◆ Data under study:

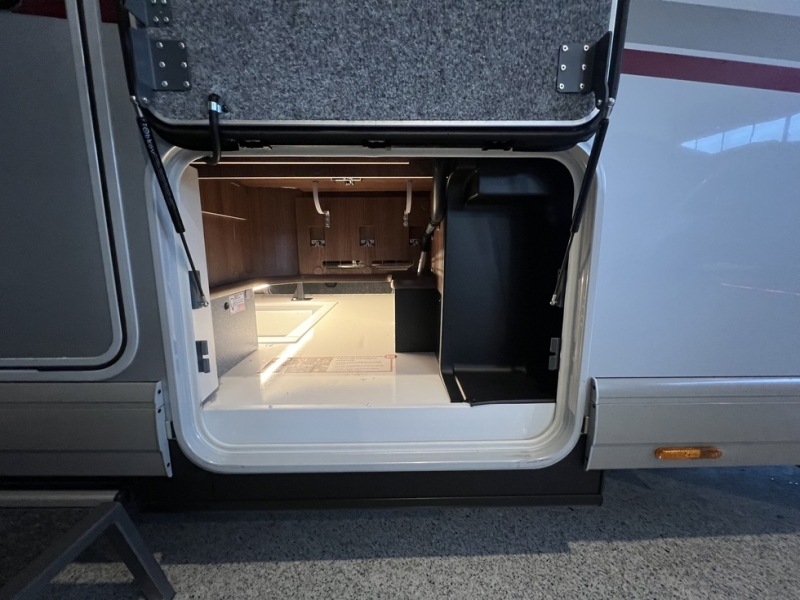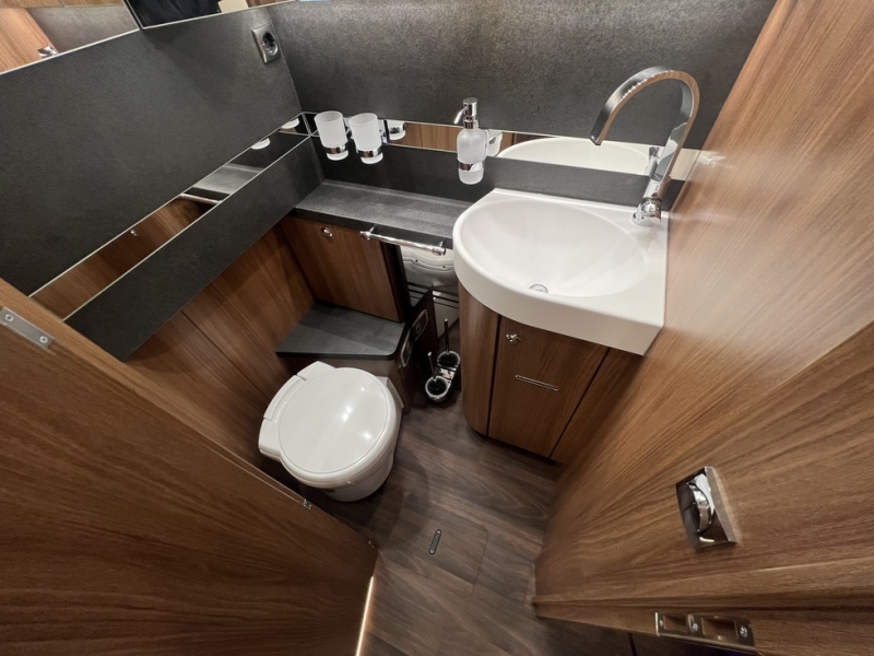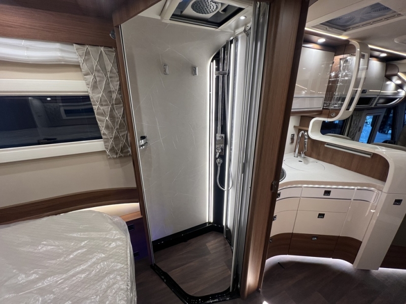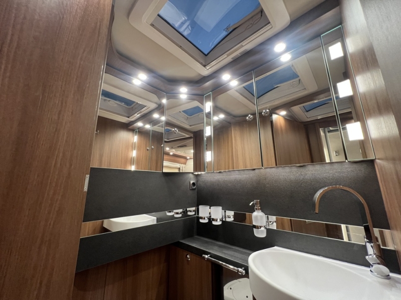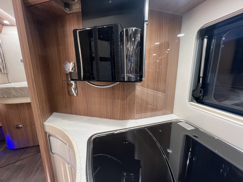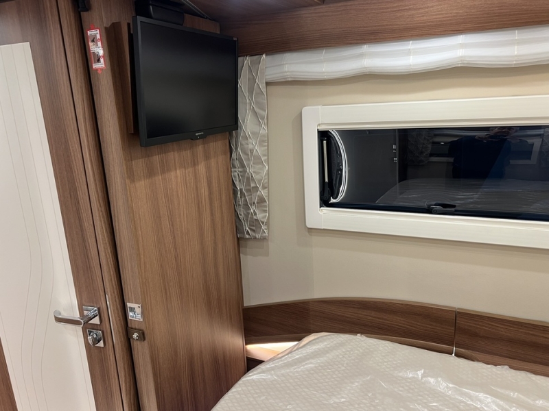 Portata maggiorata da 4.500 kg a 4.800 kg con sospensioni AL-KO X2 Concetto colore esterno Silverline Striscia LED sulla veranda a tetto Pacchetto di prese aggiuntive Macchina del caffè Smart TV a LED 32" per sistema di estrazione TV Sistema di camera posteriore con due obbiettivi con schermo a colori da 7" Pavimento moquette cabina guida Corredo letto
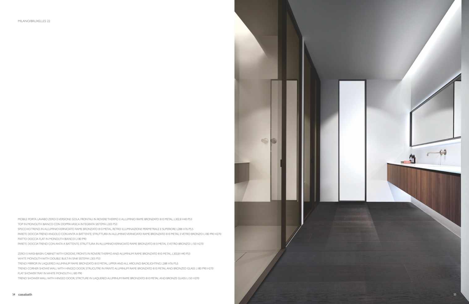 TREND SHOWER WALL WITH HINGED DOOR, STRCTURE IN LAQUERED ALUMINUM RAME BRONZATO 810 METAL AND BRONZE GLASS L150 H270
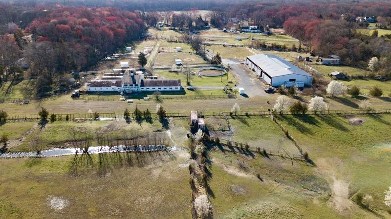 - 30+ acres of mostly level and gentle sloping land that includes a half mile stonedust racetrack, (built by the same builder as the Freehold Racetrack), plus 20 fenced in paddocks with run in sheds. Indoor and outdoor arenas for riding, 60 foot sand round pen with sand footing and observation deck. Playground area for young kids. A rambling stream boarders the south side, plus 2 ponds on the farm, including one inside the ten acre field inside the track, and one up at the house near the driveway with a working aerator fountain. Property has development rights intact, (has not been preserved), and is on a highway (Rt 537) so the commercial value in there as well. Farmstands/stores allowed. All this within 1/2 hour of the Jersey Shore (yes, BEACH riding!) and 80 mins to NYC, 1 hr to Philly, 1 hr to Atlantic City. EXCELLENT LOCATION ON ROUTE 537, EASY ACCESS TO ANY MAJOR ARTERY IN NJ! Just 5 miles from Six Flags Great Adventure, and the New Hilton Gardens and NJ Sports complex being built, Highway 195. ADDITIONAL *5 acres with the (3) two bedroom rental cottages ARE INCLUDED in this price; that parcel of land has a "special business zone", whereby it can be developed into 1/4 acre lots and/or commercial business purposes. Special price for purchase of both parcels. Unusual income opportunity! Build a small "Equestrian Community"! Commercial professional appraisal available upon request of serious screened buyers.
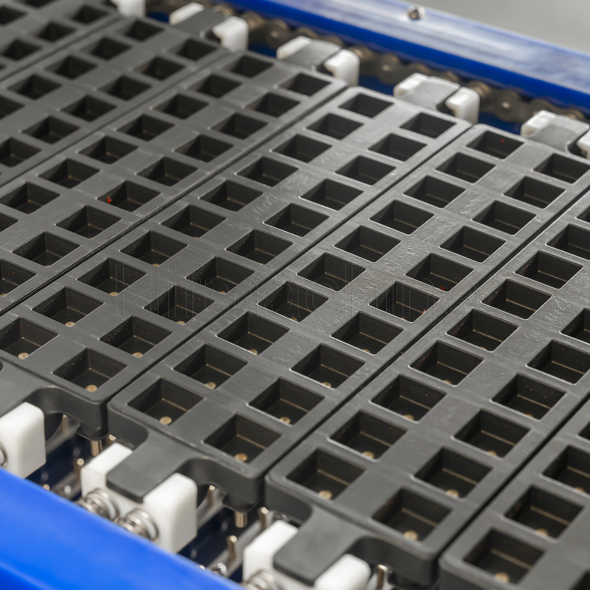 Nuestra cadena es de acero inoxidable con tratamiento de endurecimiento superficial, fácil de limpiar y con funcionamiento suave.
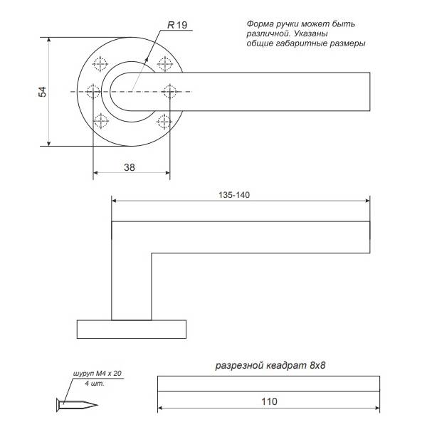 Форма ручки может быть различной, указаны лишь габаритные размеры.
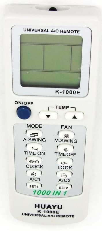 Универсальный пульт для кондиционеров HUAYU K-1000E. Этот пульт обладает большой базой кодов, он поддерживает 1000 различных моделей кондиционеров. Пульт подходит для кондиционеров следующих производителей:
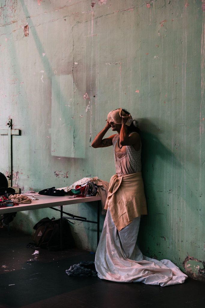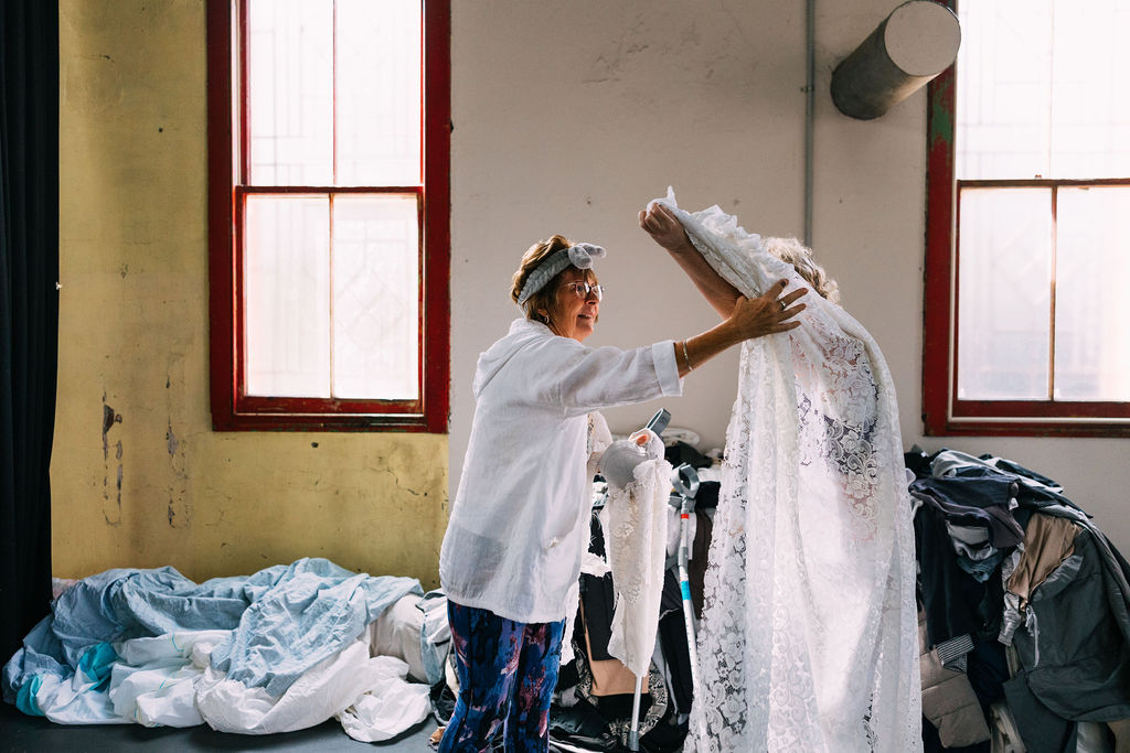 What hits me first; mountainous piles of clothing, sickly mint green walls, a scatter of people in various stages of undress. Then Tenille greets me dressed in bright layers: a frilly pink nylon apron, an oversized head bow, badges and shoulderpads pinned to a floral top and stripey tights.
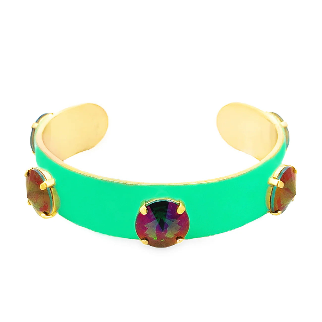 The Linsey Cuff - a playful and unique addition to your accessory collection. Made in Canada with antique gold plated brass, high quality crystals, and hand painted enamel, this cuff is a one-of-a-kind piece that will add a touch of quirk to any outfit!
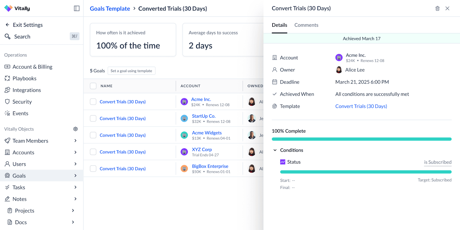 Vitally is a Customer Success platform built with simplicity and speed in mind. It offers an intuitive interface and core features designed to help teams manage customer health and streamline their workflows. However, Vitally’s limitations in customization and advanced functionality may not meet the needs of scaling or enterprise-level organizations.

◆ Work order:
Leave the pictures out and please restate exactly the lines running from the start of the material through the one with "TREND SHOWER WALL".

◆ Task result:
 Portata maggiorata da 4.500 kg a 4.800 kg con sospensioni AL-KO X2 Concetto colore esterno Silverline Striscia LED sulla veranda a tetto Pacchetto di prese aggiuntive Macchina del caffè Smart TV a LED 32" per sistema di estrazione TV Sistema di camera posteriore con due obbiettivi con schermo a colori da 7" Pavimento moquette cabina guida Corredo letto
 TREND SHOWER WALL WITH HINGED DOOR, STRCTURE IN LAQUERED ALUMINUM RAME BRONZATO 810 METAL AND BRONZE GLASS L150 H270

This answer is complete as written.